City on Fire (Danny Ryan, #1)(22)



Nostalgic, Danny thinks, for a life we never led.

But the Gloc has been the headquarters of the Irish mob since the turn of the century, and it isn’t going to change, even though Dogtown is dying. Fewer of the Irish, the Jews, the Chinese; more Blacks, Puerto Ricans, Dominicans. In a way it’s a good thing, because more of the Irish have moved to the better parts of the city, or the suburbs. They left the docks and the factories to become doctors and lawyers and businessmen.

The old men, they hold on because the neighborhood is like an old chair they’ve grown used to. They’re sitting in the back room now, the inner sanctum where John Murphy holds court, him and his cronies, sipping their whiskey and plotting. Conspiracies that go nowhere, Danny thinks, dreams that are stillborn.

John Murphy is the king of an empire that died a long time ago.

The light of a long-dead star.

The old men crouch around that booth like leprechauns and advise that they have no choice now, there is no gray area now, this time they have to hit back.

Pat agrees.

His dad doesn’t.

“That’s what Moretti wants us to do,” John says. He taps the tips of his fingers against the side of his head. “Use your brains. Do you really think that Peter gives a damn about your brother stealing Paulie’s girlfriend? All he cares about is money—he’d sell his sisters to a Chinese cathouse if he thought there was a dollar in it. Your idiot brother just gave him an excuse, is all, for a provocation.”

“What do you mean?” Pat asks his father.

“As long as Pasco is the boss,” John says, “we’ll have peace. Unless you do something stupid, that is. But Pasco is moving on soon, and the Morettis are just looking for an excuse to start a war. You want to hand that to them, wrapped up in a pretty bow, do you?”

“They want the docks,” Bernie Hughes pipes up.

Tall, skinny, saturnine—hair as white and wispy as the cotton in an aspirin bottle—Bernie is an accountant, John’s money man, Marty’s before that. He sees nothing but the bottom line. “Peter wants to move up into Pasco’s empty chair, but to do that he needs to show he can be a big earner, make everybody a lot of money. But he’s maxed out on his own businesses—the vending machines, the protection, the gambling, the drugs—and needs a fresh source of income. That would be our source of income, Pat.”
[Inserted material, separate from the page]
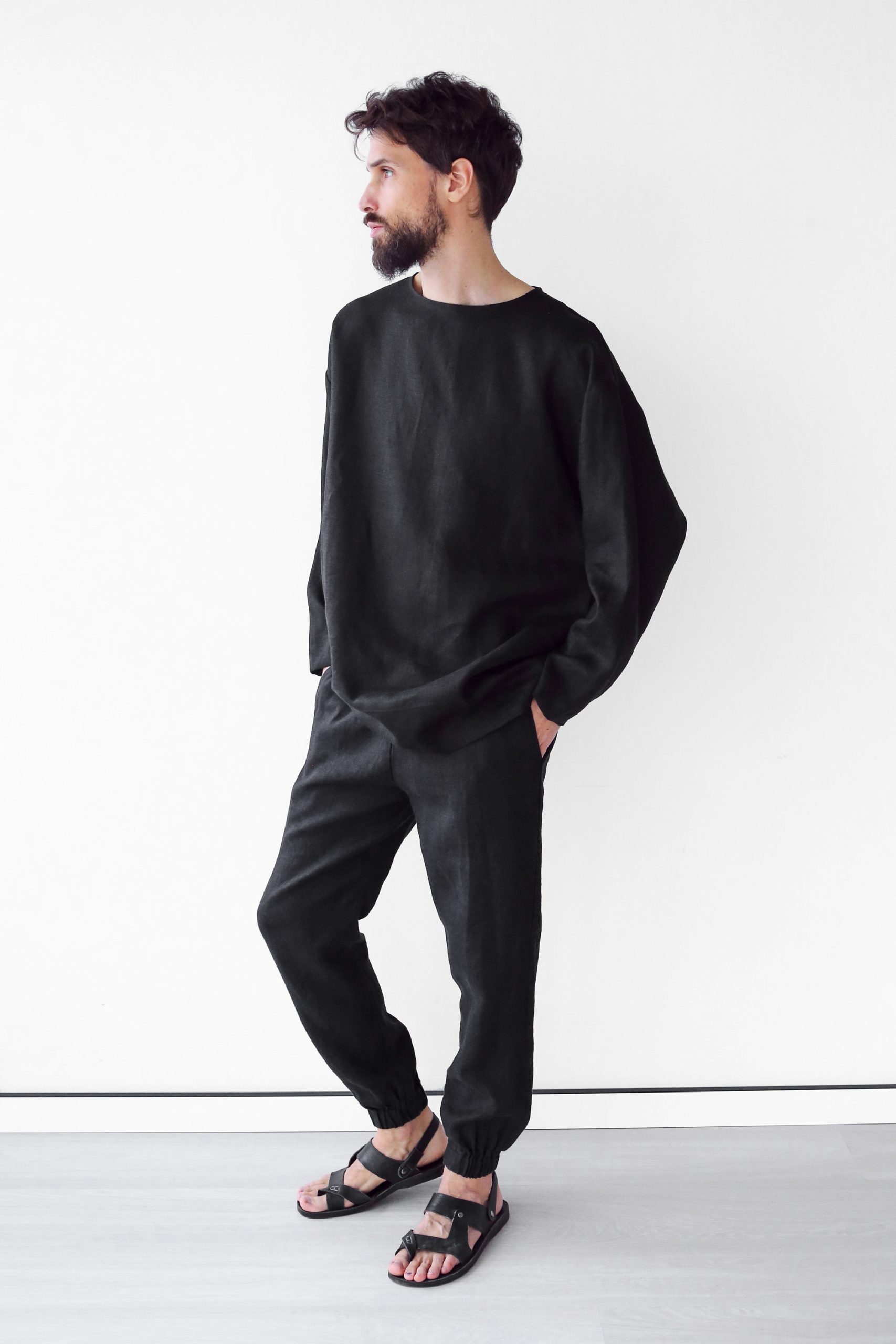 Mens Linen Oversize Sweatshirt Black Shirt For Men

“That Peter is smart,” John says. “And Chris Palumbo is smarter. If we give them a war, they’ll take the docks. We can’t stop them. They have too many men and too much money. They’d have done it already—it’s only Pasco holding them back. If we answer for Handrigan, Pasco will have no choice but to bring his entire family against us. He’ll bring in Boston, if he has to, and Hartford. Maybe even New York.”

“So we have to just take this?” Pat says.

Bernie Hughes says what John doesn’t want to. “Look, we all know it should have been Liam who got shot. Pasco Ferri stayed Paulie’s hand from that, but had to give him something, so they let him do Handrigan. It can end there.”

“Fuck that,” Danny says. “I’m telling the cops what I saw.”

Brendan’s blood is still spattered on his shirt.

“That’s not our way,” John says.

“Fuck that omerta bullshit,” Danny says. “I don’t owe those wops nothing.”

“What do you owe us?” John asks.

The question hangs there.

Finally Pat says, “You’re family, Danny.”

“Am I?” Danny asks.

“How many times have you broken bread at my table?” John asks. “How many times did I put food in your mouth when your own father—”

“Enough, Dad,” Pat says.

“I gave you my daughter, for Chrissakes!” John thunders. “My daughter!”

And this is the first time, Danny thinks, the first time you’ve brought me into the back room to sit with the men, with the family.

But he don’t say that.



That night, two Providence homicide detectives bring Danny into the interrogation room. It stinks of cigarette smoke and fear. They sit him down at the table and start in.

“You were with Handrigan when he got shot,” O’Neill says. He’s your classic veteran Irish cop—broad face, nose splintered with red veins, cheeks going to fat, dead eyes.

“Yeah.”

“Who shot him?”

“Didn’t see.”

“Shit,” Viola says. “You got his blood all over you, I heard.”

Viola’s the younger partner—thinner, darker, black hair slicked straight back, a nose like a ferret.

“Didn’t see anything,” Danny says.

Danny knows they’re just going through the motions, and the last thing in the world they want is for him to speak the name Paulie Moretti.

The fix is in.

They do the dance for an hour and then kick him out.

Danny goes home, Terri is waiting.

“What did you tell them?” she asks.

He looks at her like she’s a total fucking idiot. She’s John Murphy’s daughter, she knows what he told them.





Ten


John Murphy drives down to the shore and meets Pasco in the parking lot of Stop & Shop. He gets out of his own car and slides into Pasco’s.